> [RAW DATA]
§ §

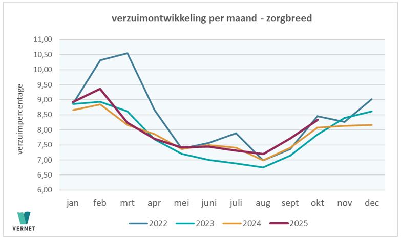 Gezien het verloop van de lijn van het maandverzuim verwachten we dat het verzuim in de maanden november en december in 2025 eveneens hoger zal zijn dan in 2024.
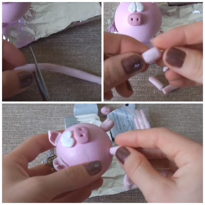 Скатайте кусочек глины в небольшую колбаску, разделите ее на 4 части и сформируйте ножки поросенка.
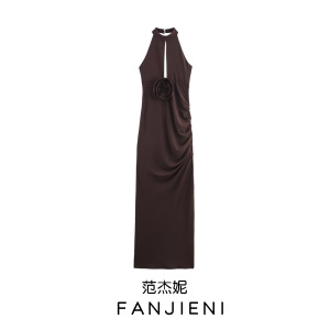 ZR外贸批发 欧美风女装 时尚气质花朵挂脖领露背连衣裙 1131832

§ §

> [TASK DESCRIPTION] Pictures included in the data should be dropped; everything else must be repeated exactly.

> [OUTPUT BELOW]
 Gezien het verloop van de lijn van het maandverzuim verwachten we dat het verzuim in de maanden november en december in 2025 eveneens hoger zal zijn dan in 2024.
 Скатайте кусочек глины в небольшую колбаску, разделите ее на 4 части и сформируйте ножки поросенка.
 ZR外贸批发 欧美风女装 时尚气质花朵挂脖领露背连衣裙 1131832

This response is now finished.